Images excepted, the data below must be repeated exactly.

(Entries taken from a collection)
========================================================================

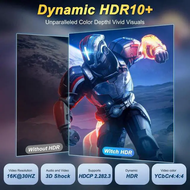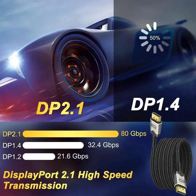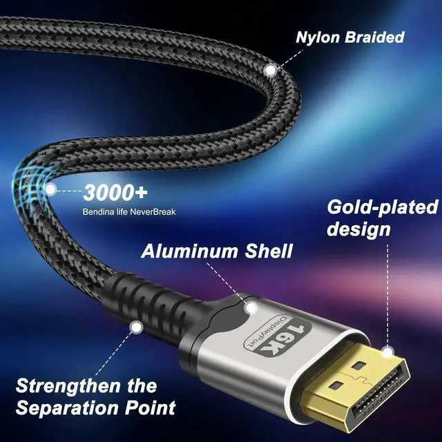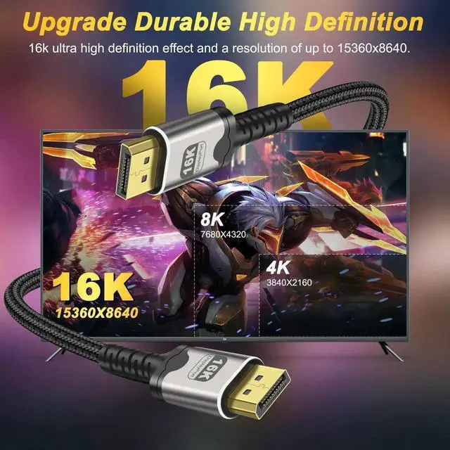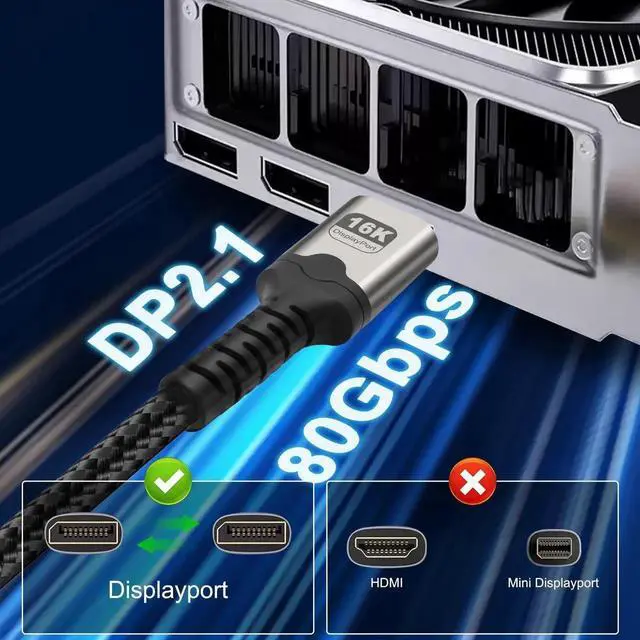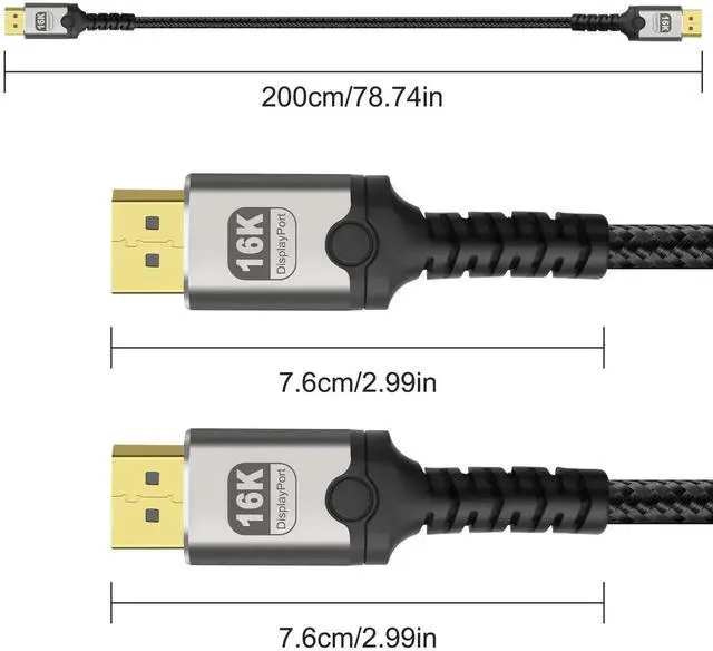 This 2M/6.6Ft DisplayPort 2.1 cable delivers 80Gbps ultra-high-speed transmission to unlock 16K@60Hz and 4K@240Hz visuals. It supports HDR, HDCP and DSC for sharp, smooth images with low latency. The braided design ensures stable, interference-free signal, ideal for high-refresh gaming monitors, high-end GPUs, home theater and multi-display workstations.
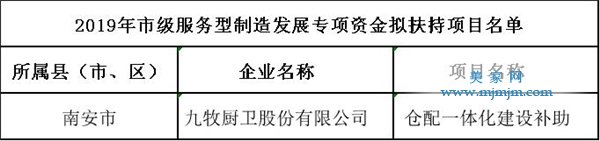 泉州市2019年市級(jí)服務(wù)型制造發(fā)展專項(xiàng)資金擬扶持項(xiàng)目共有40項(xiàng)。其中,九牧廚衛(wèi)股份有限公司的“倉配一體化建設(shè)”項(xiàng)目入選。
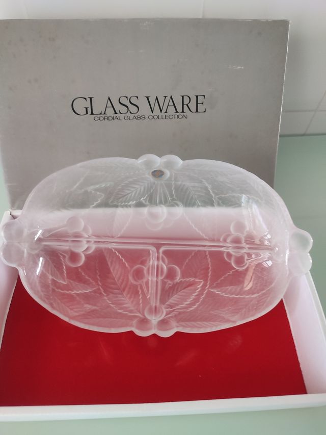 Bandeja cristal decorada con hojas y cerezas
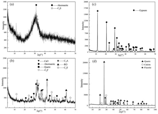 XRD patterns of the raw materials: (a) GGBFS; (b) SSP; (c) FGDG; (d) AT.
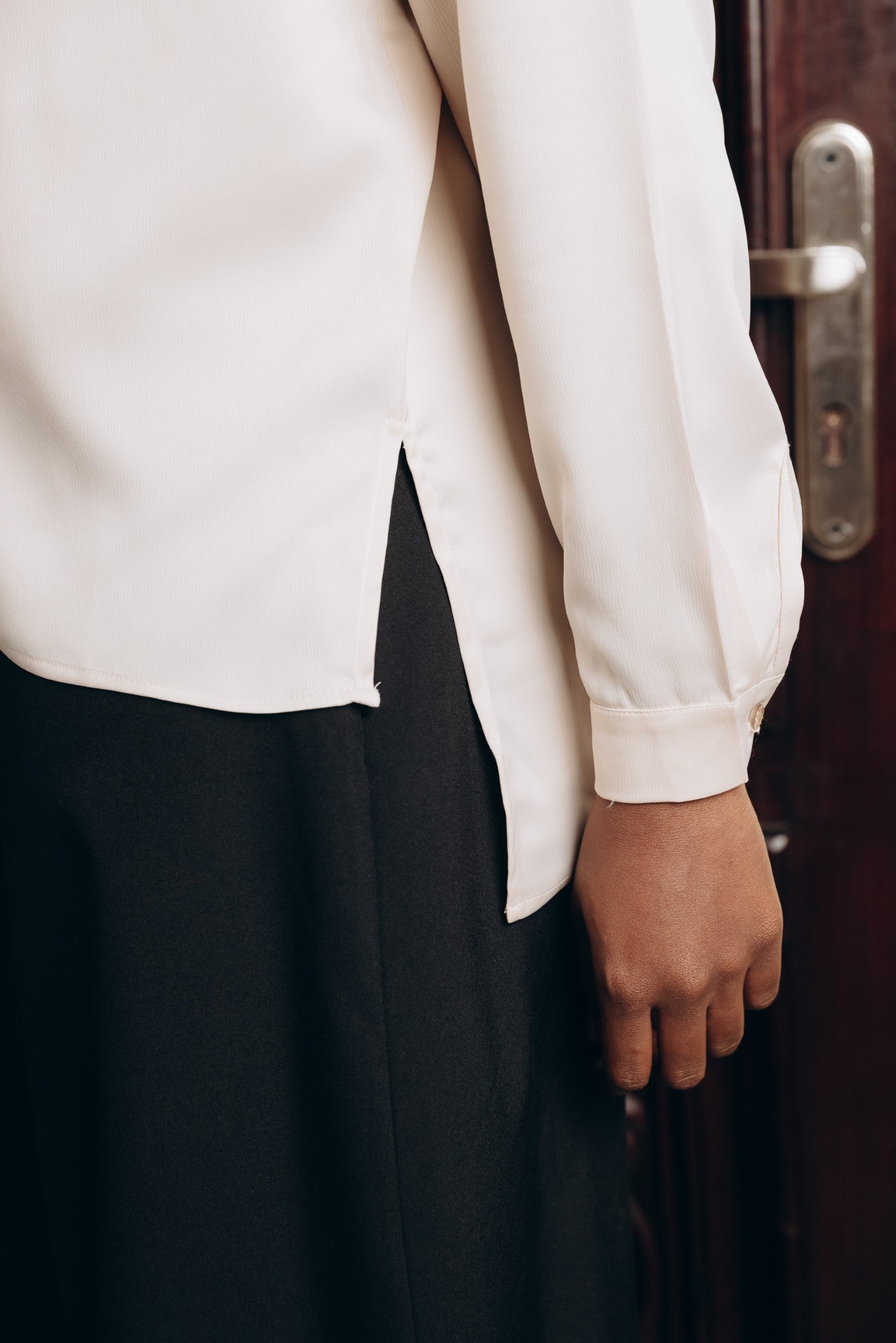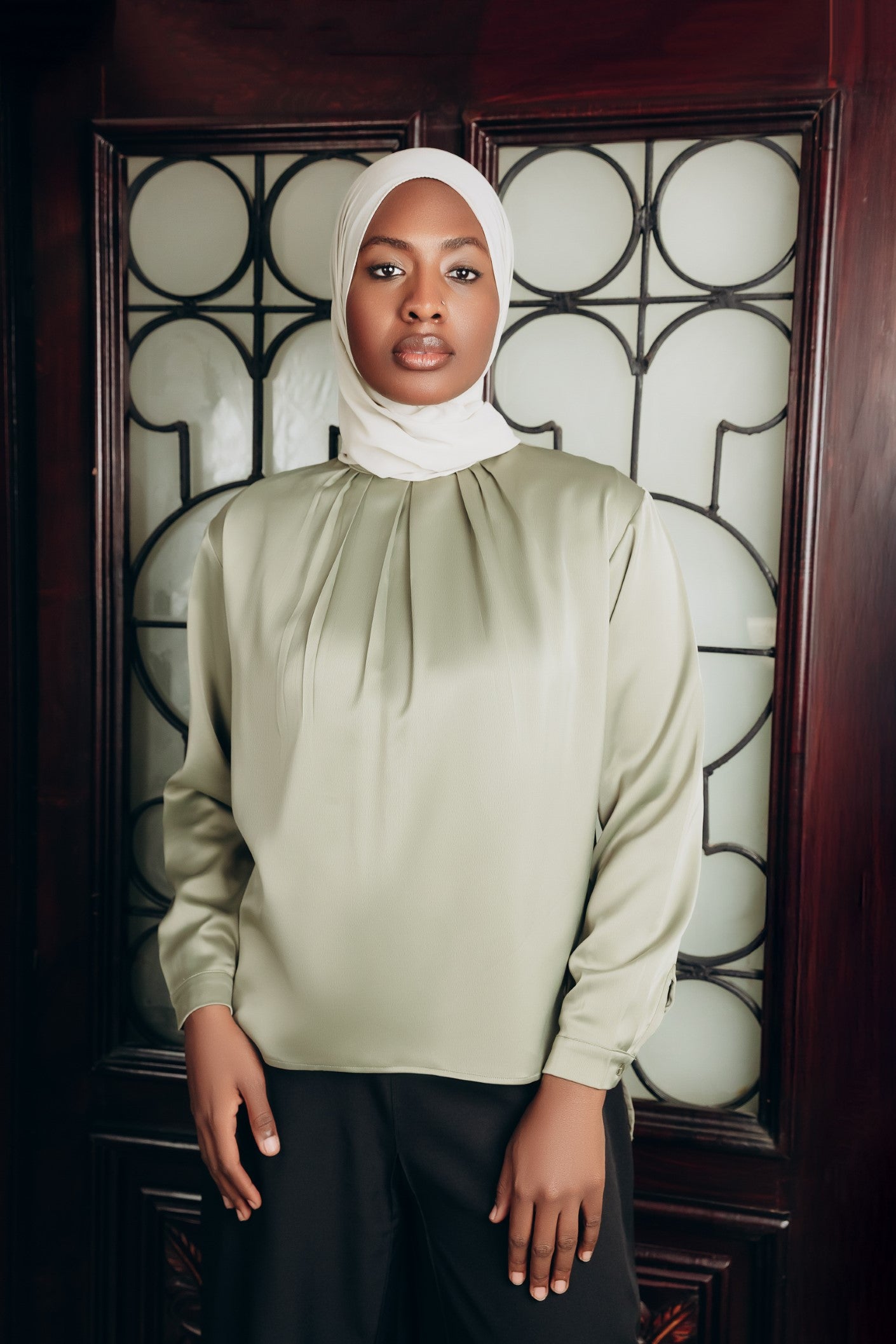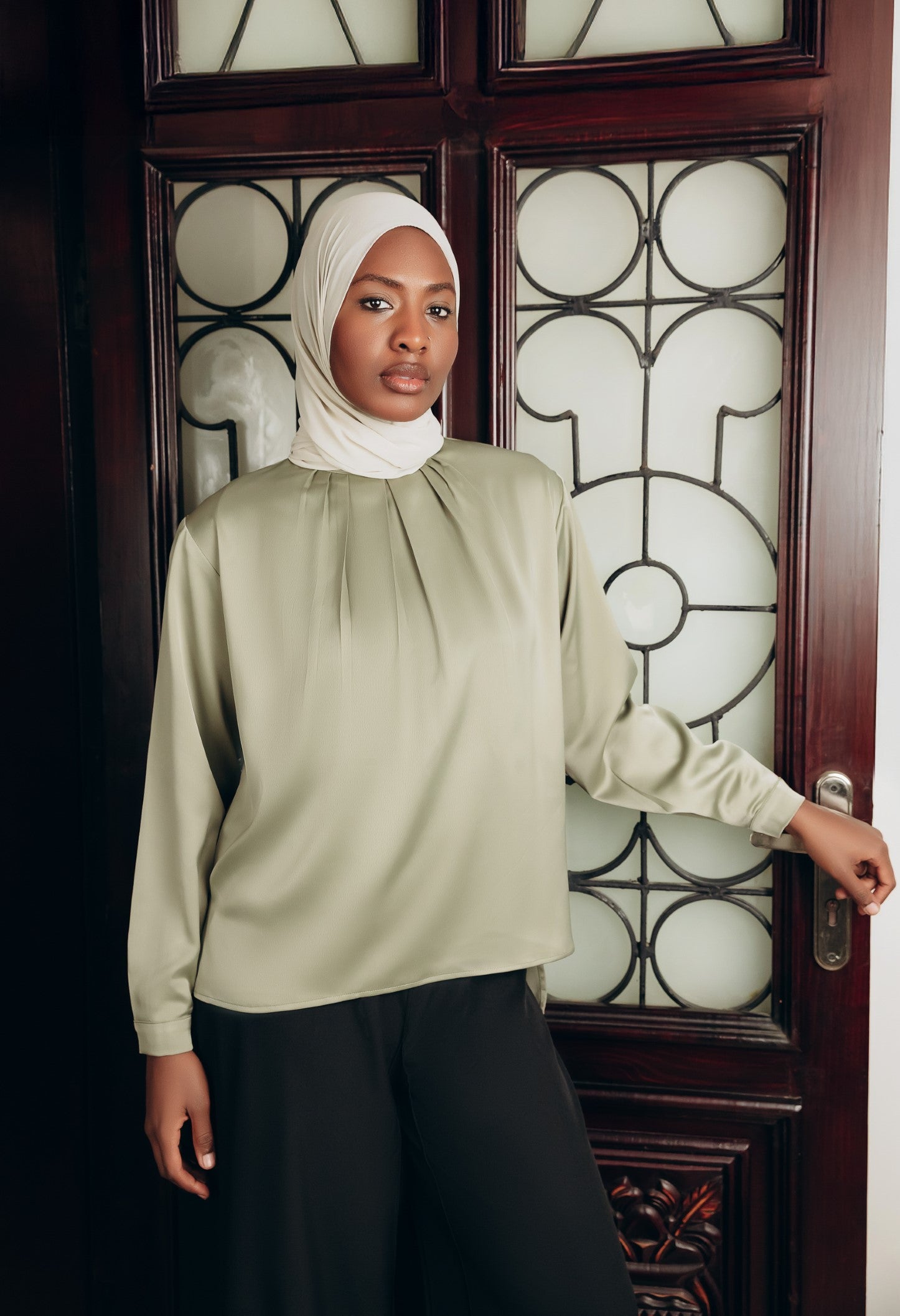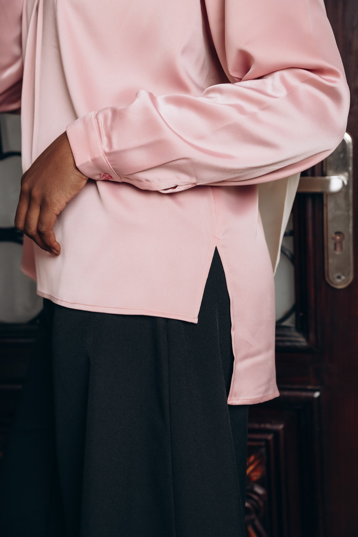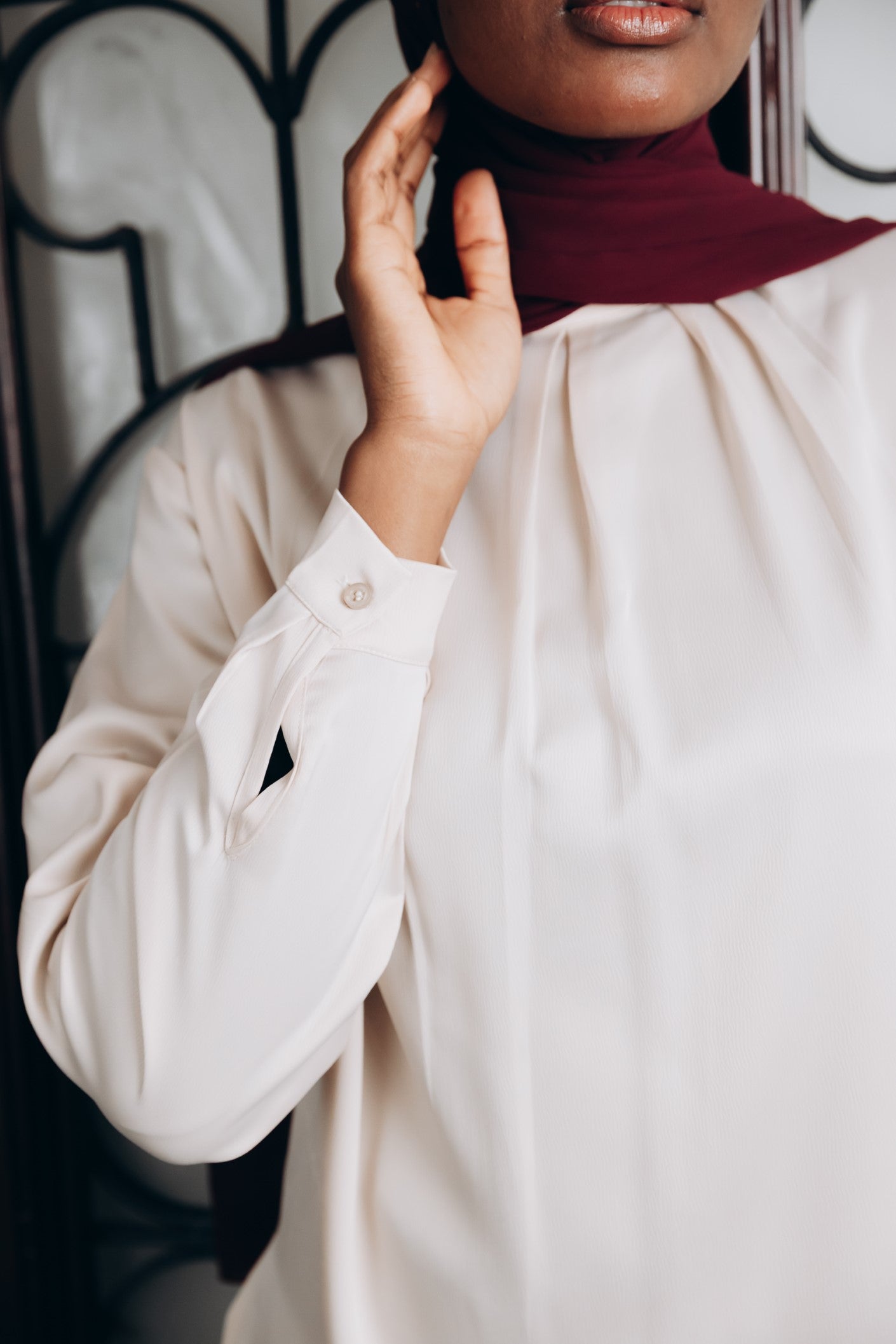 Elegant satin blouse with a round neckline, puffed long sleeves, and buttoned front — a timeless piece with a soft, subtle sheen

========================================================================

- RESULT FOR THIS EXERCISE:
 This 2M/6.6Ft DisplayPort 2.1 cable delivers 80Gbps ultra-high-speed transmission to unlock 16K@60Hz and 4K@240Hz visuals. It supports HDR, HDCP and DSC for sharp, smooth images with low latency. The braided design ensures stable, interference-free signal, ideal for high-refresh gaming monitors, high-end GPUs, home theater and multi-display workstations.
 泉州市2019年市級(jí)服務(wù)型制造發(fā)展專項(xiàng)資金擬扶持項(xiàng)目共有40項(xiàng)。其中,九牧廚衛(wèi)股份有限公司的“倉配一體化建設(shè)”項(xiàng)目入選。
 Bandeja cristal decorada con hojas y cerezas
 XRD patterns of the raw materials: (a) GGBFS; (b) SSP; (c) FGDG; (d) AT.
 Elegant satin blouse with a round neckline, puffed long sleeves, and buttoned front — a timeless piece with a soft, subtle sheen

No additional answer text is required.